Problem Description

The binomial coefficients ⁿC_k can be arranged in triangular form, Pascal’s triangle, like this:

It can be seen that the first eight rows of Pascal’s triangle contain twelve distinct numbers: 1, 2, 3, 4, 5, 6, 7, 10, 15, 20, 21 and 35.

A positive integer n is called squarefree if no square of a prime divides n.
Of the twelve distinct numbers in the first eight rows of Pascal’s triangle, all except 4 and 20 are squarefree.
The sum of the distinct squarefree numbers in the first eight rows is 105.

Find the sum of the distinct squarefree numbers in the first 51 rows of Pascal’s triangle.

Analysis

Only a few primes are required. For example, 51! is the biggest numerator (_nC_k = n! / k! (n-k)! ) and the largest prime factor required is ≤ √51 which is 7. We added a few more to try bigger problems.

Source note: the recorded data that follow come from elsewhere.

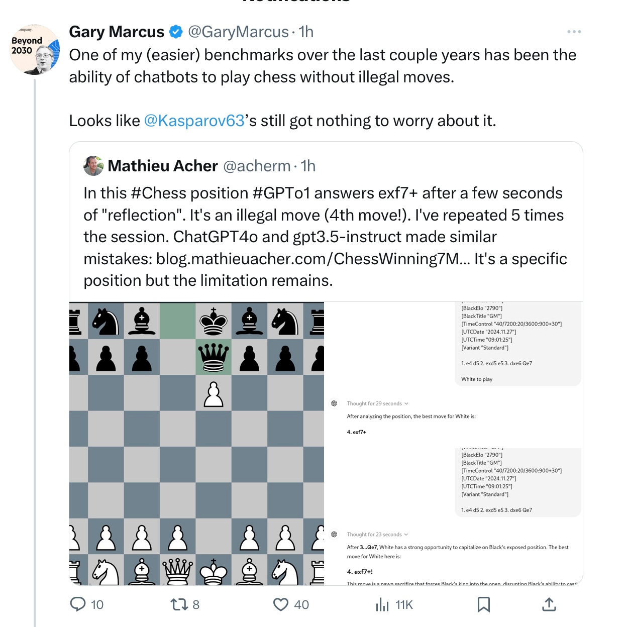 The refuge of the LLM fan is always to write off any individual error. The patterns we see here, in the new Apple study, and the other recent work on math and planning (which fits with many previous studies), and even the anecdotal data on chess, are too broad and systematic for that.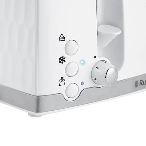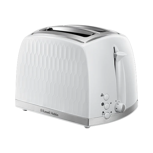 Keep up with the latest trends with the Honeycomb 4 Slice White Toaster. Bringing a little style to your breakfast routine, making over the kitchen has never been easier or more affordable. With a Textured Honeycomb-Inspired Design on a Premium White Plastic, you’ll want this toaster to take pride of place in your kitchen. Enjoy a crunchy slice of toast lifted up to your fingertips with the High Lift Feature, and take care of your every toasting need with the convenient Frozen, Cancel and Reheat functions. Giving you an exceptional performance without breaking the bank, this on-trend toaster lets you get the very best from your breakfast.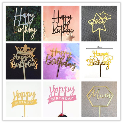 彩虹烘焙馆装饰生日快乐蛋糕插牌亚克力插件连笔字金色黑色玫瑰金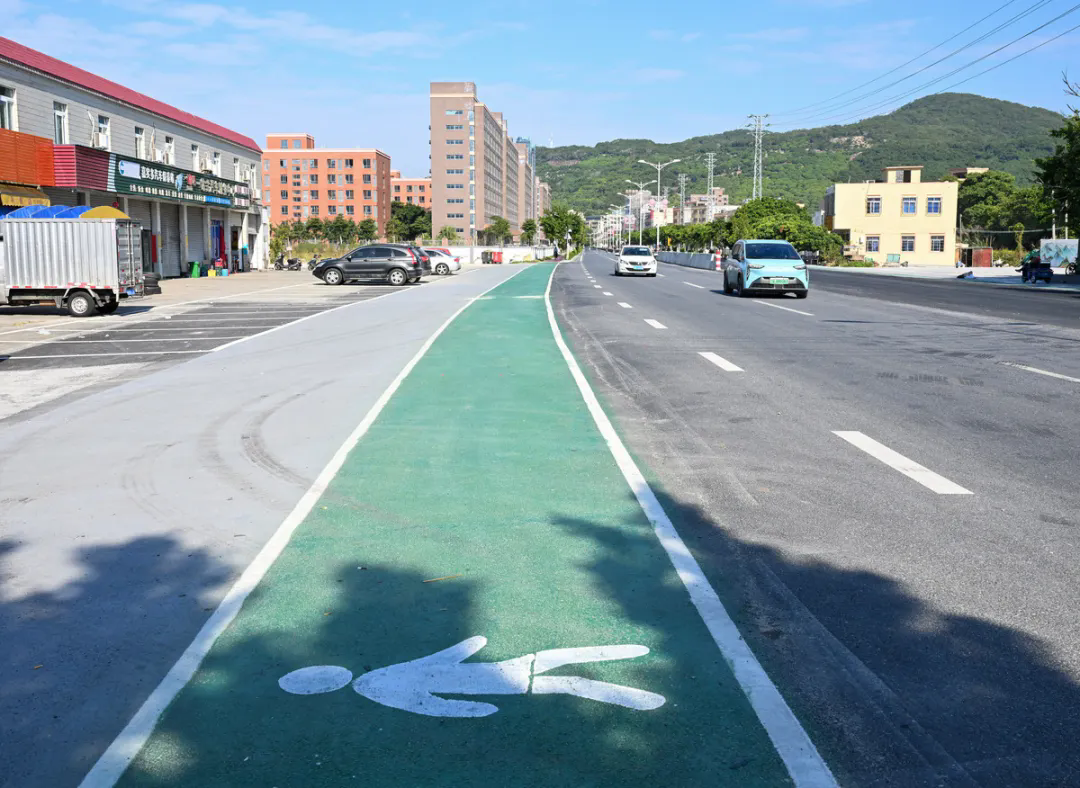 12月3日上午,記者驅(qū)車來到228國道東平鎮(zhèn)允泊段,沿途看到小車、共享單車在劃好線的框里有序停放;曾經(jīng)坑洼的路面新鋪上瀝青,道路中央的福建茶樹枝葉茂密、綠意盎然。兩旁藍(lán)紅相間的彩虹步道干凈整潔;昔日破舊、凌亂的廣告牌統(tǒng)一被換成橘色柵欄式招牌。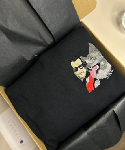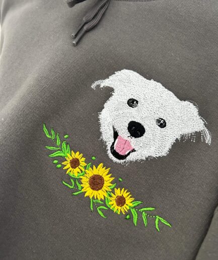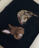Wyhaftowane osoby lub zwierzaki będą miały tak zwrócone twarze/pyszczki, taką mimikę jak na zdjęciu (np. jeśli zwierzak ma pyszczek skierowany w bok i nie widać jednej części pyszczka – projekt będzie również tak wyglądał) Jeśli na tym konkretnym zdjęciu, kolorystyka odbiega od rzeczywistości, prześlij więcej zdjęć, na których będziemy mogli się oprzeć.

So we fill a hash’s keys with unique numbers from Pascal’s triangle and iterate through the 589 binomial coefficients and track which ones are squarefree, sum them up and print the results.

Solution

Runs < 1 second in Perl.

@primes = (2, 3, 5, 7, 11, 13, 17, 19);
$rows = 51; #more rows means more primes
$s = 0;
 
#use a hash, b, to select the distinct binomial coefficients from Pascal's triangle
while((@_=(1,map$_[$_-1]+$_[$_],1..@_))<=$rows){ grep $b{$_}++, @_}
 
for $x (keys %b) {
  $s+=$x if sqf($x);
}
print "Answer to PE203 = $s";
 
sub sqf { return ! grep @_[0]%($_*$_)==0, @primes }

Comments

Wanton use of grep and map.